講演情報

[P1-11]Infusing Theories into Deep Learning for Human-Aligned Interpretable Boundary Anticipation

*江 恩傑1、日高 昇平1 (1. 北陸先端科学技術大学院大学)

キーワード:

事象分節化(Event Segmentation)、境界予測(Boundary Anticipation)、深層学習(Deep Learning)、グラフニューラルネットワーク(Graph Neural Networks)、ベルンシュタインの協応構造(Bernstein’s Synergies)

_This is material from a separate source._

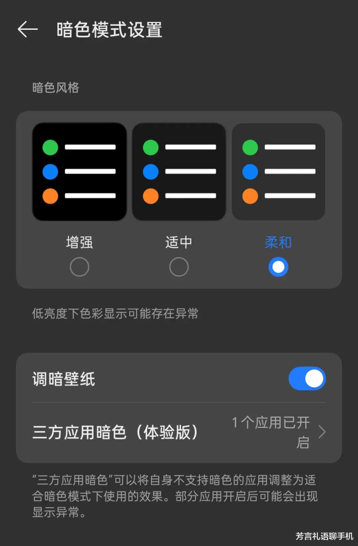 一是暗光显示方面,暗色模式分为三档:增强、适中、柔和,随着暗色的降低,屏幕会加入更多的灰色。用过黑夜模式的应该都有体会,那种黑底白字其实挺刺眼的。相比之下,柔和暗色模式,对比度没有那么强,看起来对眼睛要友好多了。

This study aims to construct a computational model that explains the general tendency of human event boundary anticipation (Zacks et al., 2007). Existing change-based (error-driven) hypotheses, primarily rooted in predictive processing (Friston, 2010), exhibit inherent predictive limitations; they identify boundaries only after physical transitions occur, failing to account for "pre-change" anticipation. Drawing on Bernstein's (Bernstein., 1967) theory of motor synergies, we suggest that boundary anticipation relies on the continuous evaluation of inner-event structural progression rather than discrete inter-event prediction errors. This perspective challenges the fundamental premise of purely error-driven approaches in previous computer vision studies. Moving forward, we will implement a dual-mechanism framework using Graph Neural Networks (GNNs) to reformulate boundary detection.